En Iran, casse-tête pour les utilisateurs d'iPhone, populaire mais banni
Dans un café de Téhéran, Hamid agite son téléphone portable dans l'espoir de capter un faible signal et ainsi contourner l'interdiction imposée par les autorités...
Dans un café de Téhéran, Hamid agite son téléphone portable dans l'espoir de capter un faible signal et ainsi contourner l'interdiction imposée par les autorités iraniennes sur les derniers modèles d'iPhone.
Le jeune habitant de la capitale a acheté son nouveau portable à l'étranger peu de temps après l'interdiction par la République islamique des iPhones 14 et 15 en février 2023.
Depuis, Hamid espère que les restrictions vont s'assouplir, mais en vain jusqu'ici.
"J'ai eu une couverture réseau pendant seulement un mois, puis elle a disparu", explique à l'AFP l'homme de 32 ans, en appuyant à plusieurs reprises sur son téléphone pour tenter de rétablir la connexion.

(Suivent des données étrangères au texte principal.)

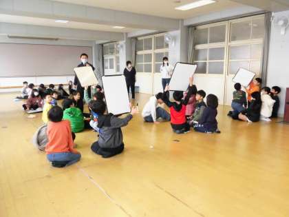 クイズを出しグループで考えて正解すると、みんなで喜んでいました。3年生とどんぐり学級の児童が一緒に考えている姿が微笑ましかったです。
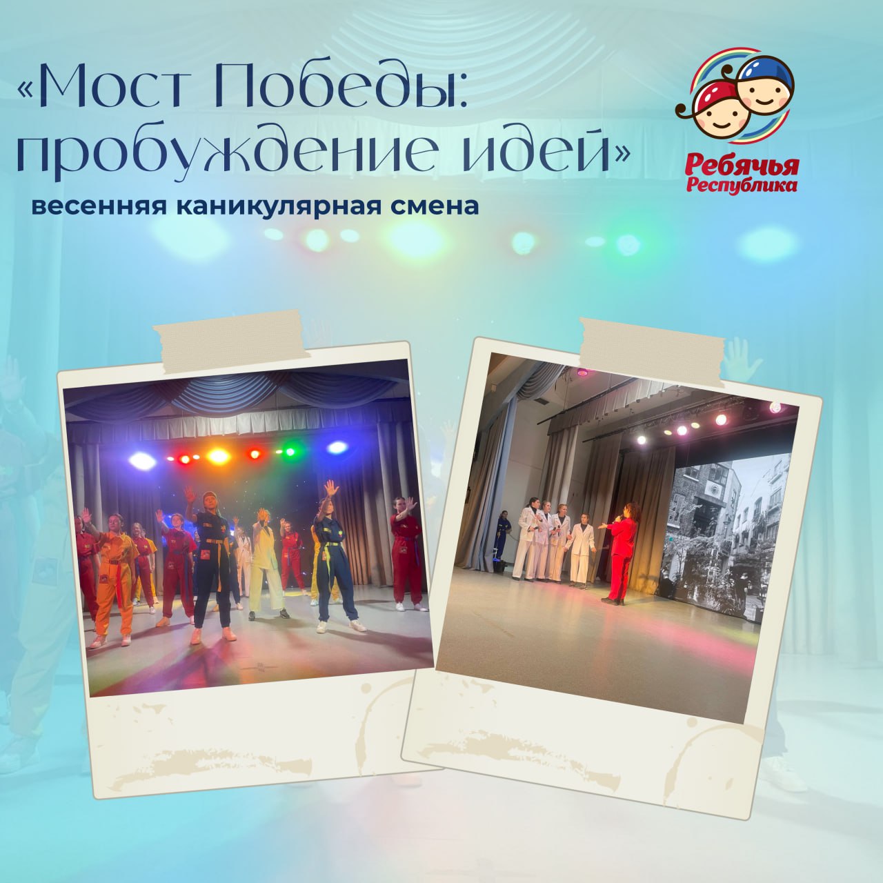 Уже состоялся торжественный концерт открытия смены, на котором ребята познакомились с сюжетом, узнали, что их ждёт в течение недели. Программа смены вдохновлена примерами героического созидания после Великой Отечественной войны и посвящена силе коллективного мышления, идей и креативных решений. Ребята будут работать над собственными проектами — символами возрождения, надежды и движения вперёд, а каждый день в «Ребячке» будет шагом к пониманию важного: даже одна идея может изменить мир.
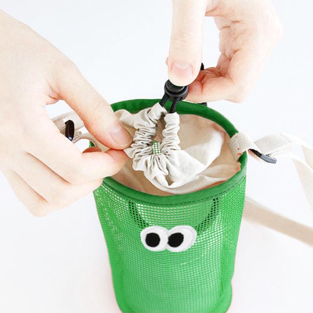 新作 目玉デザイン メッシュ ボトルホルダー メンズ レディース 水筒ホルダー ドリンクホルダー ボトルカバー ショルダー 肩掛け 斜めがけ 縦型 バケツ型 小さめ 軽量 おしゃれ かわいい ペットボトルホルダー 夏
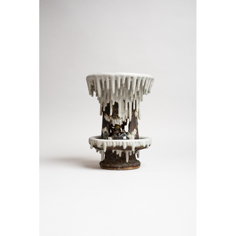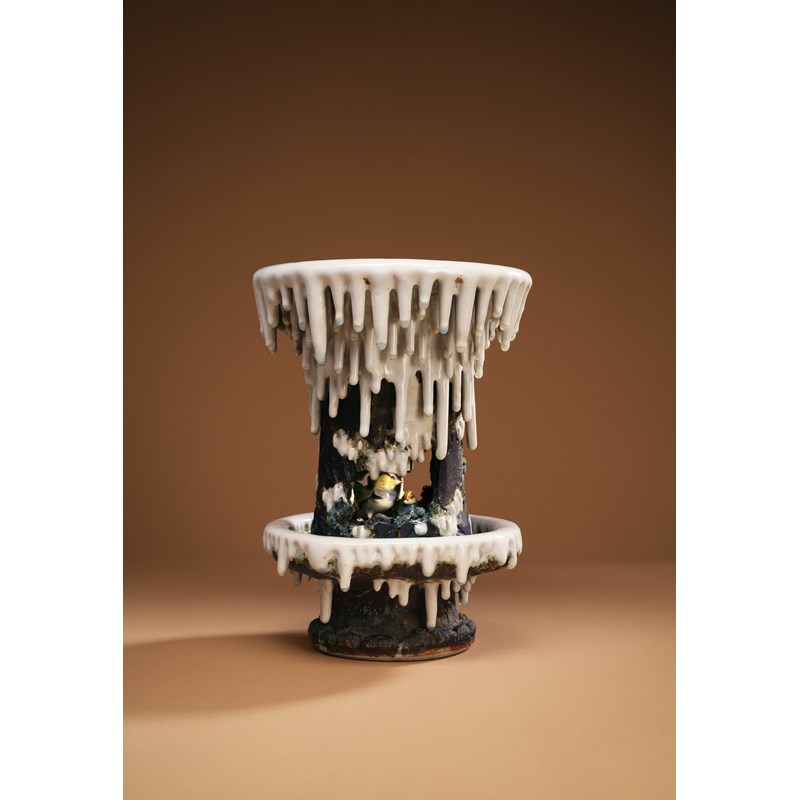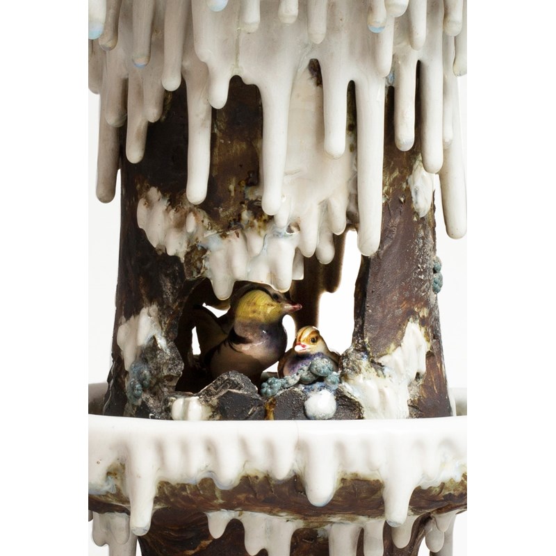 Realistically modelled in the round with two small mandarin ducks sheltering in a cave, with snow melting around them creating numerous icicles; the conical upper half with a deep recess to the top, and raised on an integral stand, the iridescent blue glaze resembling a pool around the small colourful birds; the base marked ‘Makuzu’ for the Miyagawa Kōzan workshop of Yokohama, 28cm.

"J'ai recours aux bandes 3G inférieures pour tenter d'obtenir une couverture", se désole-t-il.
En vertu de l'interdiction en vigueur, les utilisateurs des derniers modèles d'iPhone ne peuvent plus déclarer leur portable, une obligation en Iran y compris pour les touristes, faute de quoi la carte SIM est bloquée au bout d'un mois.
Cette mesure vise officiellement, selon l'agence Isna, à réduire les dépenses en devises qui manquent, alors que le gouvernement fait face aux sanctions internationales et à la flambée de l'inflation.
Malgré cela, les iPhones d'Apple restent très convoités en Iran pour leur technologie avancée et comme symboles d'un statut social élevé.
Marché souterrain
Apple n'a jamais été officiellement présent en Iran en raison des sanctions américaines qui ont été réimposées après le retrait de Washington en 2018 d'un accord nucléaire historique.
Les restrictions alimentent un marché clandestin lucratif et des vendeurs gonflent les prix d'anciens modèles, plus faciles à enregistrer.
Elles ont même déclenché une combine à la Ponzi qui a escroqué des milliers d'Iraniens. Une société appelée "Koroush" a proposé pendant des mois des iPhones à des prix réduits allant jusqu'à 200 milliards de rials (340 dollars) l'appareil via des publicités en ligne mettant en vedette des célébrités.
Elle aurait permis de récolter environ 35 millions de dollars, selon le quotidien Javan. D'autres médias, citant la police, ont rapporté des chiffres inférieurs, d'environ trois millions de dollars. Le propriétaire de l'entreprise, contre laquelle quelque 5.000 personnes ont porté plainte, est en fuite.
L'interdiction "a chamboulé les prix" des iPhones, témoigne Navid, propriétaire d'un magasin de téléphonie dans le centre de Téhéran.
Ainsi, l'iPhone 13, bien que plus ancien, coûte pratiquement aussi cher que les modèles plus récents "grâce à la couverture dont il bénéficie", souligne Arafeh, un photographe de 26 ans qui achète un nouveau téléphone.
Son prix varie de 410 millions de rials à plus d'un milliard (710 à 1.900 dollars) alors que l'iPhone 15 se vend de 440 millions à un milliard de rials (750 à 1.900 dollars).
Hostilité croissante
Au total, les téléphones coûtant plus de 600 dollars l'unité, y compris les iPhones, représentent près du tiers des 4,4 milliards de dollars d'importations iraniennes de portables de mars 2021 à mars 2022, selon un rapport des douanes cité par les médias.
Ces dernières années, les autorités ont manifesté une hostilité croissante à l'égard des produits américains.
Le guide suprême, l'ayatollah Ali Khamenei, a exhorté en 2020 le gouvernement à cesser les importations d'iPhones.
"J'ai entendu dire qu'environ un demi-milliard de dollars avait été dépensé pour l'importation d'un type de téléphone portable américain de luxe" de 2019 à mars 2020, a-t-il déclaré: "Le secteur privé en est responsable, mais le gouvernement doit y mettre un terme".
Avec l'interdiction, les utilisateurs d'iPhone 14 et 15 n'ont d'autre choix que de trouver des moyens illicites et souvent coûteux d'accéder au réseau.
Les fournisseurs facturent de "4 à 70 millions de rials" la modification de paramètres du réseau pour tenter de contourner les limitations, selon Navid.
Mehdi, un ingénieur de 26 ans, se bat depuis des mois pour trouver le bon moyen pour utiliser son iPhone, mais "aucune des solutions n'est permanente", regrette-t-il.